**What you need to do**
After dropping the pictures, give again exactly the lines of the data from its first line through the line with "王金国 孙舒婷 摄影报道", which is included as well.

**Data segment**

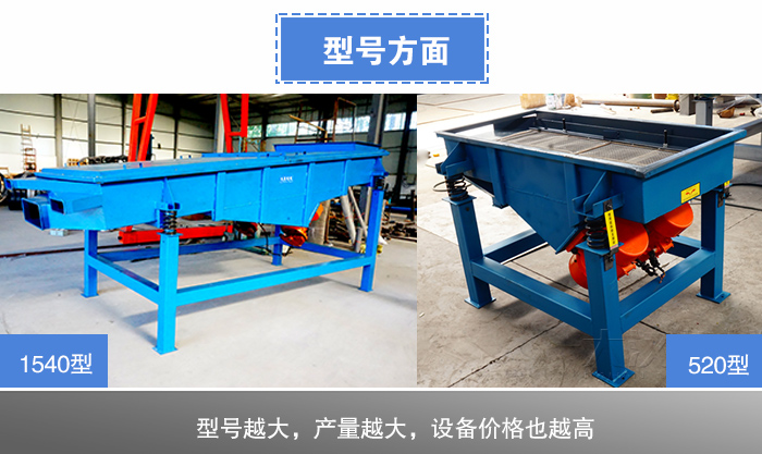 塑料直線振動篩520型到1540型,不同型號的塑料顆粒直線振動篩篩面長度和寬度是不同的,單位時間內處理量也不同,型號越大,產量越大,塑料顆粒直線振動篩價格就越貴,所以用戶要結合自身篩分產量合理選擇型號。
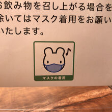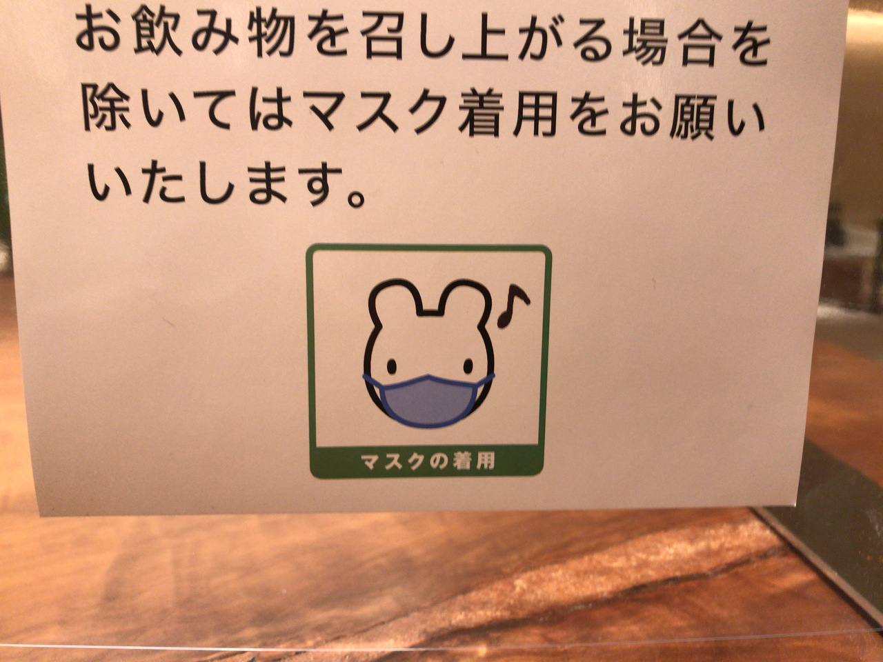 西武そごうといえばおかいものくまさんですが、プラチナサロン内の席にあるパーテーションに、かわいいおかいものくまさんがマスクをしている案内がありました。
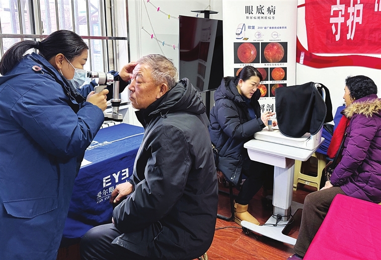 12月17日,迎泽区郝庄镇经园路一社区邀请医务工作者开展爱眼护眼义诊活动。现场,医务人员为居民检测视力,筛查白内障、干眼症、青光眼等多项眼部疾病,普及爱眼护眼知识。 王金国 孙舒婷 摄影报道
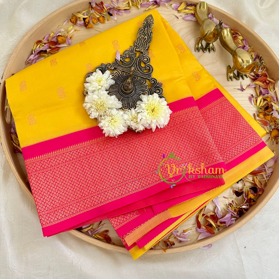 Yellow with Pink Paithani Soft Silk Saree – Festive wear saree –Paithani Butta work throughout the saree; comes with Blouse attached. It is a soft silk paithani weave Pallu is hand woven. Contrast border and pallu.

**Answer to this exercise**
 塑料直線振動篩520型到1540型,不同型號的塑料顆粒直線振動篩篩面長度和寬度是不同的,單位時間內處理量也不同,型號越大,產量越大,塑料顆粒直線振動篩價格就越貴,所以用戶要結合自身篩分產量合理選擇型號。
 西武そごうといえばおかいものくまさんですが、プラチナサロン内の席にあるパーテーションに、かわいいおかいものくまさんがマスクをしている案内がありました。
 12月17日,迎泽区郝庄镇经园路一社区邀请医务工作者开展爱眼护眼义诊活动。现场,医务人员为居民检测视力,筛查白内障、干眼症、青光眼等多项眼部疾病,普及爱眼护眼知识。 王金国 孙舒婷 摄影报道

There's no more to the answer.